**Given information:**
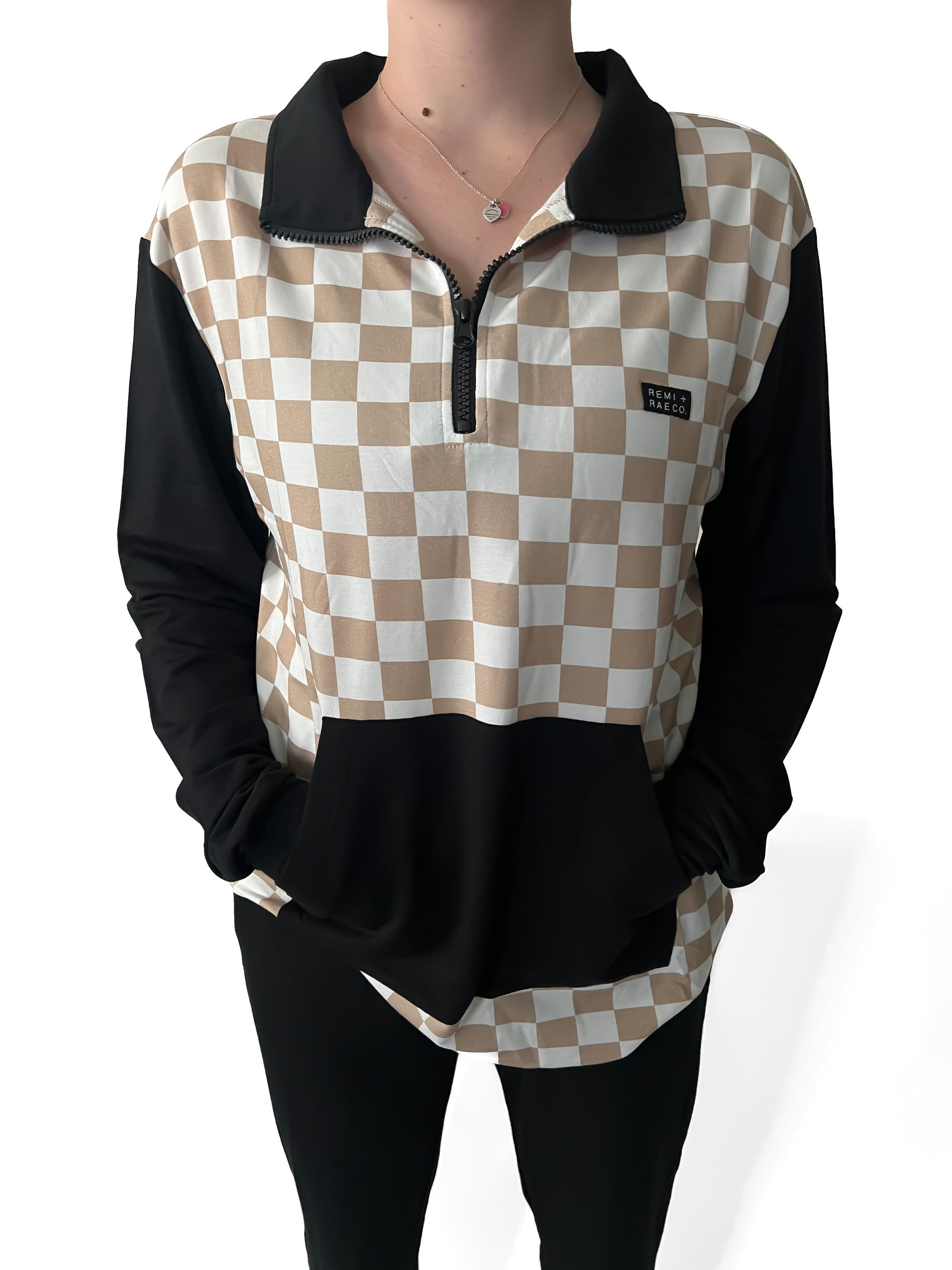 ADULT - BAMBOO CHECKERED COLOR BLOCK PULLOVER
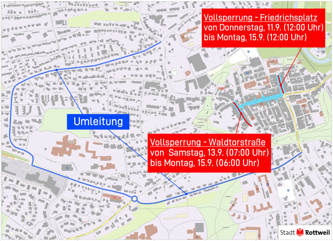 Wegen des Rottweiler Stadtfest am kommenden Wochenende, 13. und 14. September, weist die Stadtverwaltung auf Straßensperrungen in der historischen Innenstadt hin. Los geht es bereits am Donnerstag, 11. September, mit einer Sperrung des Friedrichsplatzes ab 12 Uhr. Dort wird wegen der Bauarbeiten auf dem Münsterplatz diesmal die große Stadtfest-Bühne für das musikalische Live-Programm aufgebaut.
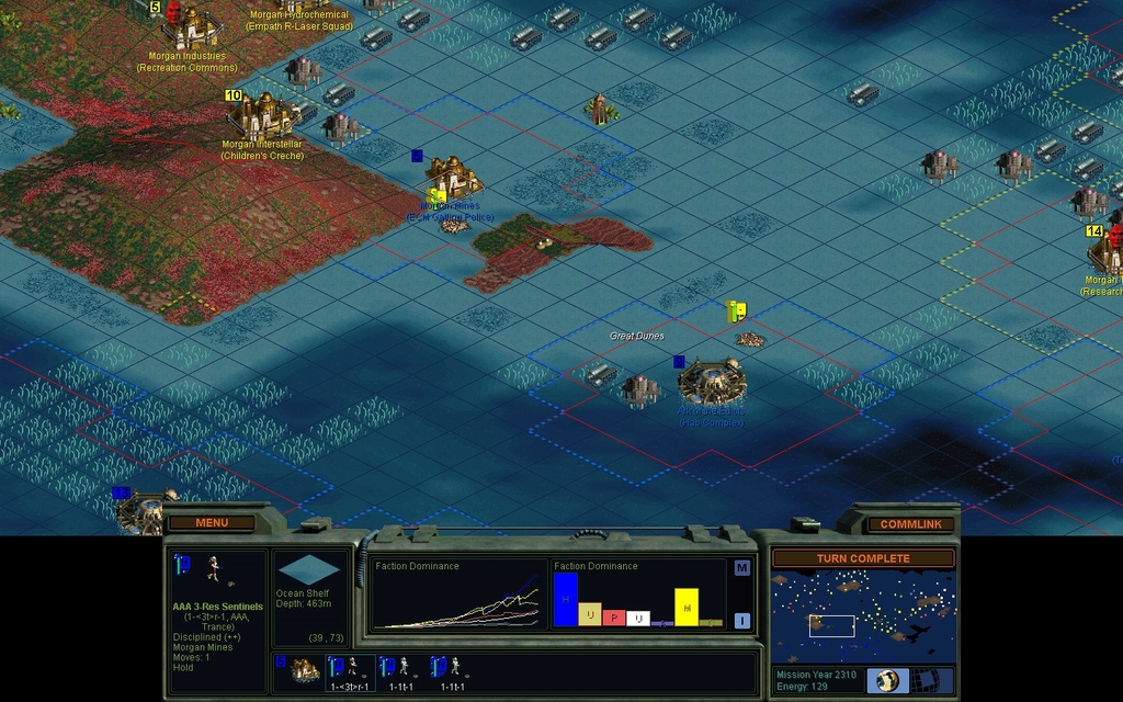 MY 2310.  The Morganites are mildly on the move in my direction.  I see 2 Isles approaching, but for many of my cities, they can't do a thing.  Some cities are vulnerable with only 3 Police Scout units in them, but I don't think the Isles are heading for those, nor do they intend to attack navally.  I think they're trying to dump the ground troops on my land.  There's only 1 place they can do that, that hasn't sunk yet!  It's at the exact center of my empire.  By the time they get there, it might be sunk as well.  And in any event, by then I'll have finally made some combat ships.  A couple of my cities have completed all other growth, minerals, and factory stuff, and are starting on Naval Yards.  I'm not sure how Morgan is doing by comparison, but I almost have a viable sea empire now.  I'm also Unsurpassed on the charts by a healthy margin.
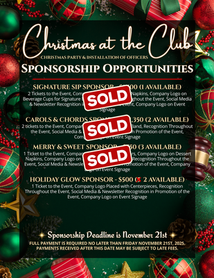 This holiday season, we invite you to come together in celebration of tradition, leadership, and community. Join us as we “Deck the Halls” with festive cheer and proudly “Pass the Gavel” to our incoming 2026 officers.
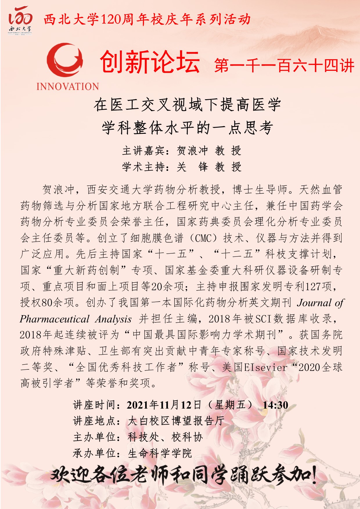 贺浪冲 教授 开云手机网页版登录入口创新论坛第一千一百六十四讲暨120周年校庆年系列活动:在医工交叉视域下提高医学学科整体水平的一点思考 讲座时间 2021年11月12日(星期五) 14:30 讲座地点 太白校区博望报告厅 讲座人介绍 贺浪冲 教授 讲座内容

**How to complete this task:** The response should repeat each record precisely and contain no pictures.

**Solution for this problem:**
 ADULT - BAMBOO CHECKERED COLOR BLOCK PULLOVER
 Wegen des Rottweiler Stadtfest am kommenden Wochenende, 13. und 14. September, weist die Stadtverwaltung auf Straßensperrungen in der historischen Innenstadt hin. Los geht es bereits am Donnerstag, 11. September, mit einer Sperrung des Friedrichsplatzes ab 12 Uhr. Dort wird wegen der Bauarbeiten auf dem Münsterplatz diesmal die große Stadtfest-Bühne für das musikalische Live-Programm aufgebaut.
 MY 2310.  The Morganites are mildly on the move in my direction.  I see 2 Isles approaching, but for many of my cities, they can't do a thing.  Some cities are vulnerable with only 3 Police Scout units in them, but I don't think the Isles are heading for those, nor do they intend to attack navally.  I think they're trying to dump the ground troops on my land.  There's only 1 place they can do that, that hasn't sunk yet!  It's at the exact center of my empire.  By the time they get there, it might be sunk as well.  And in any event, by then I'll have finally made some combat ships.  A couple of my cities have completed all other growth, minerals, and factory stuff, and are starting on Naval Yards.  I'm not sure how Morgan is doing by comparison, but I almost have a viable sea empire now.  I'm also Unsurpassed on the charts by a healthy margin.
 This holiday season, we invite you to come together in celebration of tradition, leadership, and community. Join us as we “Deck the Halls” with festive cheer and proudly “Pass the Gavel” to our incoming 2026 officers.
 贺浪冲 教授 开云手机网页版登录入口创新论坛第一千一百六十四讲暨120周年校庆年系列活动:在医工交叉视域下提高医学学科整体水平的一点思考 讲座时间 2021年11月12日(星期五) 14:30 讲座地点 太白校区博望报告厅 讲座人介绍 贺浪冲 教授 讲座内容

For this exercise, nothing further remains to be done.